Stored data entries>
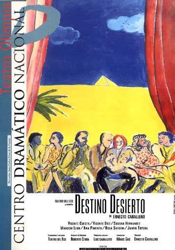 Destino desierto es una producción de teatro del Eco con la colaboración de la Comunidad de Madrid (Consejería de Educación y Cultura) y el INAEM (Ministerio de Educación y Cultura). Estrenado el 19 de octubre de 1996 (en cartel hasta el 17 de noviembre) en la Sala Olimpia (Centro Dramático Nacional), Madrid. Cualquier creación es un acto de liberación, mediante la fidelidad del hombre a su estructura interna. El hombre es libre, la llamada chispa divina no es más que eso. La libertad está en mí y yo estoy ligado a ella. Esto siempre saldrá a la superficie, como el aceite. Da igual lo que hagamos; alguna vez seremos libres. No en esta vida, no en la siguiente, pero alguna vez seremos libres. Inevitablemente. |
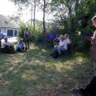 Als Schiller hier die Grenze nach Baden überschritt, stand er genau in der Mitte seines Lebens. Zusammen mit seinem Freund Andreas Streicher flüchtete er vor Kasernierung und Militärdrill in der Hohen Carlsschule, wo er dem Herzog als Regimentsmedicus diente, insbesondere aber vor dem vom Landesherren verhängten Schreibverbot und der angedrohten Festungshaft. „Den Besuch des russischen Zaren Paul I. in Stuttgart nutzten Schiller und sein Freund Streicher für die Flucht. Mit der Postkutsche ging es über Enzweihingen, wo man Kaffee trank, und Illingen zur Umspannstation Knittlingen, damals „Grenzstadt“, erklärte Ziegler. „Schiller suchte seine Hoffnungen im Ausland. Nach dem großen Skandalerfolg bei der Uraufführung seiner „Räuber“ in Mannheim wollte er dort Theaterschriftsteller werden“. Schiller habe das Theater und seine Stücke als „moralische Besserungsanstalt“ für das Publikum gesehen, an diesem Traum wollte er in Mannheim weiterarbeiten. Unter dem knorrigen Birnbaum am Schillerblick kam es dann auch noch zu einer theaterreifen Szene: Als Räuberhauptmann Karl Moor ließ Hansjörg Ziegler seine Räuberbande, also die Wanderer, Schillers Räuberschwur ablegen. Der zweite Teil der literarischen Lesung fand im Knittlinger Gasthaus Kanne-Post statt. Die Schüler Hagen und Rüdiger Garhöfer umrahmten am Klavier mit Stücken von Schiller-Zeitgenosse Ludwig van Beethoven die weitere Schiller-Lesung.  Hier trug Hansjörg Ziegler verschiedene Schillerballaden wie „Der Handschuh“ oder auch „Die Bürgschaft“ vor. „Freundschaft und Treue war in Schillers Leben und Werk stets ein ganz wichtiges Thema, weil er sie erfahren und davon profitiert hat“, so Hansjörg Ziegler. Seine ganz großen Erfolge, die sich mit „Wallenstein“, „Wilhelm Tell“ und „Die Jungfrau von Orleans“ einstellten, konnte Schiller aufgrund immer stärker werdender gesundheitlicher Probleme nicht mehr voll auskosten: mit nur 46 Jahren starb er an einer Bauchfellentzündung.
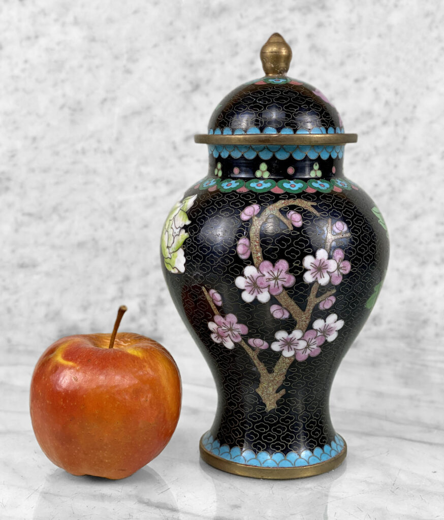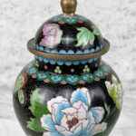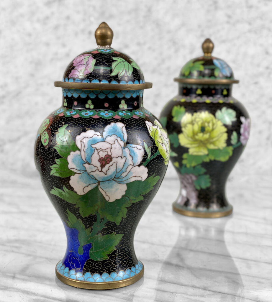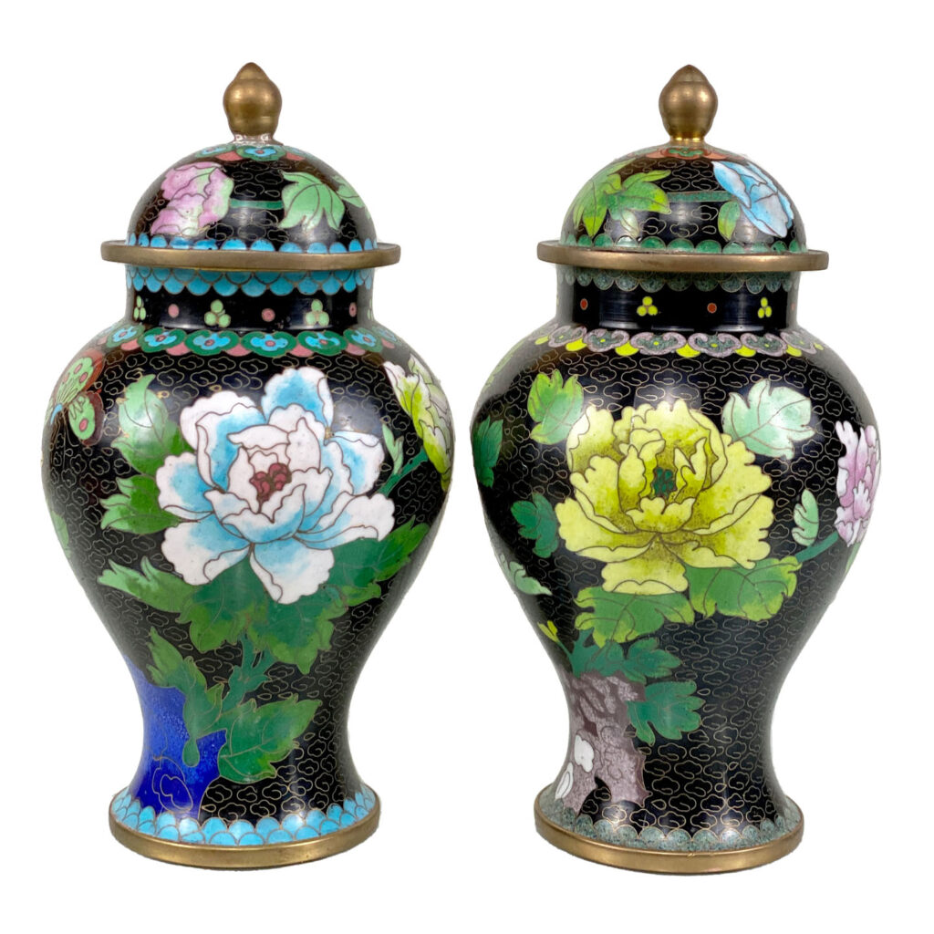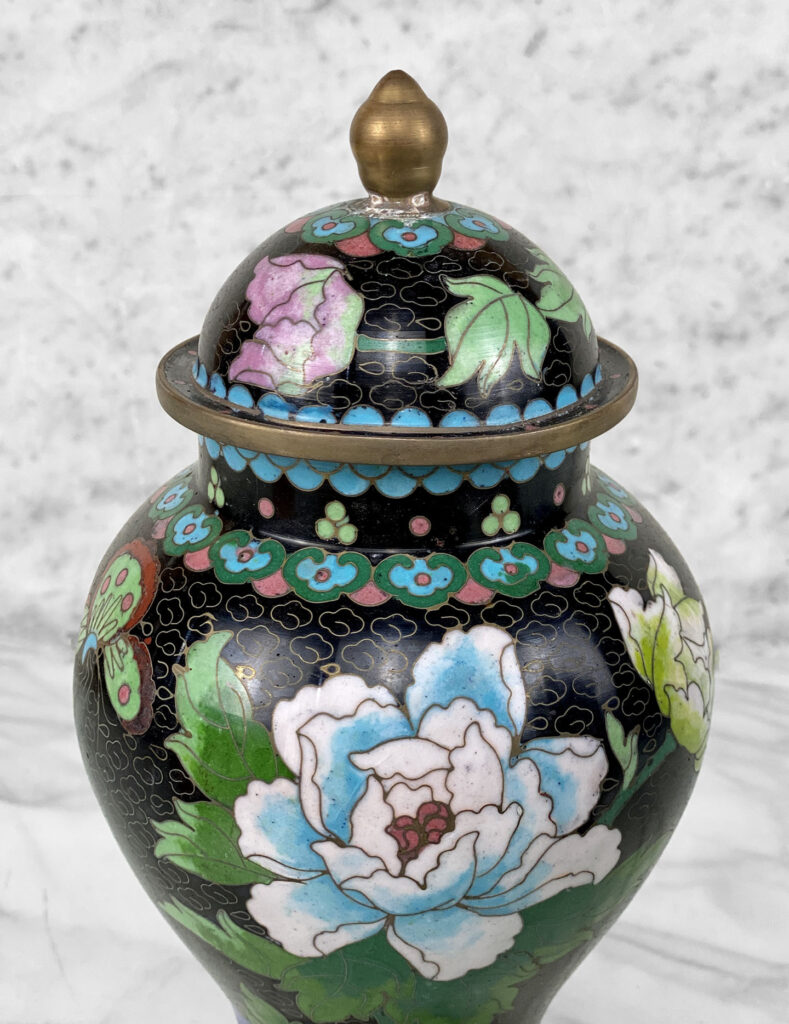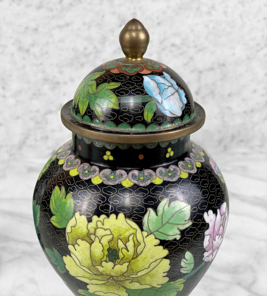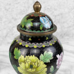 - Black Nimbus Motif with Sensational Floral Accents in Enamel, Contrasts Nicely
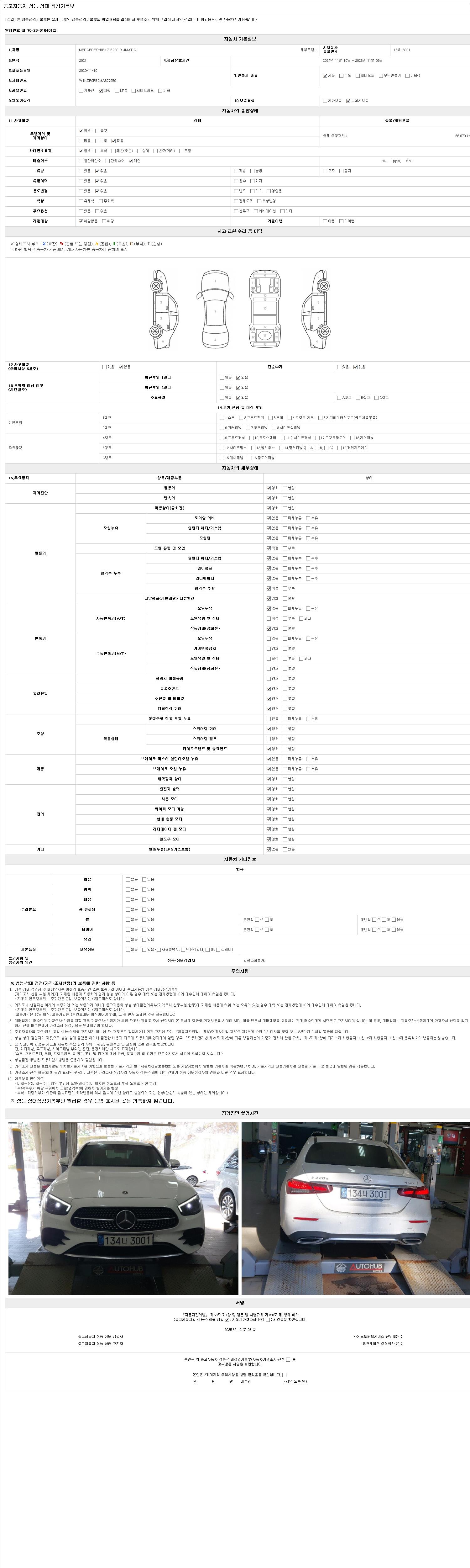 자동차관리법 시행규칙 제120조의 규정에 따라 별지 제 82호서식 《중고자동차 성능, 상태점검 기록부》를 발행한 성능, 상태점검자 및 매매자는 아래의 보증기간 또는 보증거리 이내의 중고자동차, 성능점검 기록부에 기재된 내용과 자동차의 실제 성능, 상태가 다른 경우 계약 또는 관계법령에 따라 매수인에 대하여 책임을 집니다.
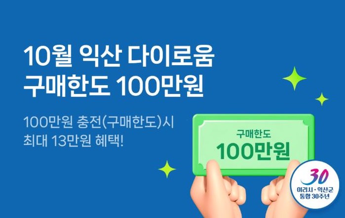 [코리아 이슈저널=김종오 기자] 익산시가 이리시·익산군 통합 30주년과 시민의 날(10월 3일)을 기념해, 10월 한 달간 지역사랑상품권 '익산 다이로움'의 개인별 구매한도를 기존 60만 원에서 100만 원으로 확대한다고 30일 밝혔다.
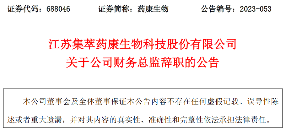 药康生物(688046)于9月8日发布晚间公告称,江苏集萃药康生物科技股份有限公司(以下简称“公司”)董事会近日收到公司财务总监焦晓杉先生的书面辞职报告。焦晓杉先生因个人原因申请辞去财务总监职务,辞任后不再担任公司任何职务,根据《公司法》《公司章程》等有关规定,辞职报告自送达公司董事会之日起生效。
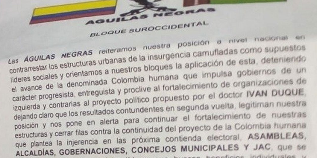 The Aguilas Negras reiterate our position to counter the urban insurgency structures camouflaged as supposed social leaders…, detaining the advance of what is called Humane Colombia that promotes governments of a progressive character, submitted and inclined to strengthening leftist organizations, and opposed to the political project proposed by Mr. Ivan Duque.

Activity> Repeat the records in full, exactly as they appear, without the pictures.

Answer to this problem>
 Destino desierto es una producción de teatro del Eco con la colaboración de la Comunidad de Madrid (Consejería de Educación y Cultura) y el INAEM (Ministerio de Educación y Cultura). Estrenado el 19 de octubre de 1996 (en cartel hasta el 17 de noviembre) en la Sala Olimpia (Centro Dramático Nacional), Madrid. Cualquier creación es un acto de liberación, mediante la fidelidad del hombre a su estructura interna. El hombre es libre, la llamada chispa divina no es más que eso. La libertad está en mí y yo estoy ligado a ella. Esto siempre saldrá a la superficie, como el aceite. Da igual lo que hagamos; alguna vez seremos libres. No en esta vida, no en la siguiente, pero alguna vez seremos libres. Inevitablemente. |
 Als Schiller hier die Grenze nach Baden überschritt, stand er genau in der Mitte seines Lebens. Zusammen mit seinem Freund Andreas Streicher flüchtete er vor Kasernierung und Militärdrill in der Hohen Carlsschule, wo er dem Herzog als Regimentsmedicus diente, insbesondere aber vor dem vom Landesherren verhängten Schreibverbot und der angedrohten Festungshaft. „Den Besuch des russischen Zaren Paul I. in Stuttgart nutzten Schiller und sein Freund Streicher für die Flucht. Mit der Postkutsche ging es über Enzweihingen, wo man Kaffee trank, und Illingen zur Umspannstation Knittlingen, damals „Grenzstadt“, erklärte Ziegler. „Schiller suchte seine Hoffnungen im Ausland. Nach dem großen Skandalerfolg bei der Uraufführung seiner „Räuber“ in Mannheim wollte er dort Theaterschriftsteller werden“. Schiller habe das Theater und seine Stücke als „moralische Besserungsanstalt“ für das Publikum gesehen, an diesem Traum wollte er in Mannheim weiterarbeiten. Unter dem knorrigen Birnbaum am Schillerblick kam es dann auch noch zu einer theaterreifen Szene: Als Räuberhauptmann Karl Moor ließ Hansjörg Ziegler seine Räuberbande, also die Wanderer, Schillers Räuberschwur ablegen. Der zweite Teil der literarischen Lesung fand im Knittlinger Gasthaus Kanne-Post statt. Die Schüler Hagen und Rüdiger Garhöfer umrahmten am Klavier mit Stücken von Schiller-Zeitgenosse Ludwig van Beethoven die weitere Schiller-Lesung.  Hier trug Hansjörg Ziegler verschiedene Schillerballaden wie „Der Handschuh“ oder auch „Die Bürgschaft“ vor. „Freundschaft und Treue war in Schillers Leben und Werk stets ein ganz wichtiges Thema, weil er sie erfahren und davon profitiert hat“, so Hansjörg Ziegler. Seine ganz großen Erfolge, die sich mit „Wallenstein“, „Wilhelm Tell“ und „Die Jungfrau von Orleans“ einstellten, konnte Schiller aufgrund immer stärker werdender gesundheitlicher Probleme nicht mehr voll auskosten: mit nur 46 Jahren starb er an einer Bauchfellentzündung.
 - Black Nimbus Motif with Sensational Floral Accents in Enamel, Contrasts Nicely
 자동차관리법 시행규칙 제120조의 규정에 따라 별지 제 82호서식 《중고자동차 성능, 상태점검 기록부》를 발행한 성능, 상태점검자 및 매매자는 아래의 보증기간 또는 보증거리 이내의 중고자동차, 성능점검 기록부에 기재된 내용과 자동차의 실제 성능, 상태가 다른 경우 계약 또는 관계법령에 따라 매수인에 대하여 책임을 집니다.
 [코리아 이슈저널=김종오 기자] 익산시가 이리시·익산군 통합 30주년과 시민의 날(10월 3일)을 기념해, 10월 한 달간 지역사랑상품권 '익산 다이로움'의 개인별 구매한도를 기존 60만 원에서 100만 원으로 확대한다고 30일 밝혔다.
 药康生物(688046)于9月8日发布晚间公告称,江苏集萃药康生物科技股份有限公司(以下简称“公司”)董事会近日收到公司财务总监焦晓杉先生的书面辞职报告。焦晓杉先生因个人原因申请辞去财务总监职务,辞任后不再担任公司任何职务,根据《公司法》《公司章程》等有关规定,辞职报告自送达公司董事会之日起生效。
 The Aguilas Negras reiterate our position to counter the urban insurgency structures camouflaged as supposed social leaders…, detaining the advance of what is called Humane Colombia that promotes governments of a progressive character, submitted and inclined to strengthening leftist organizations, and opposed to the political project proposed by Mr. Ivan Duque.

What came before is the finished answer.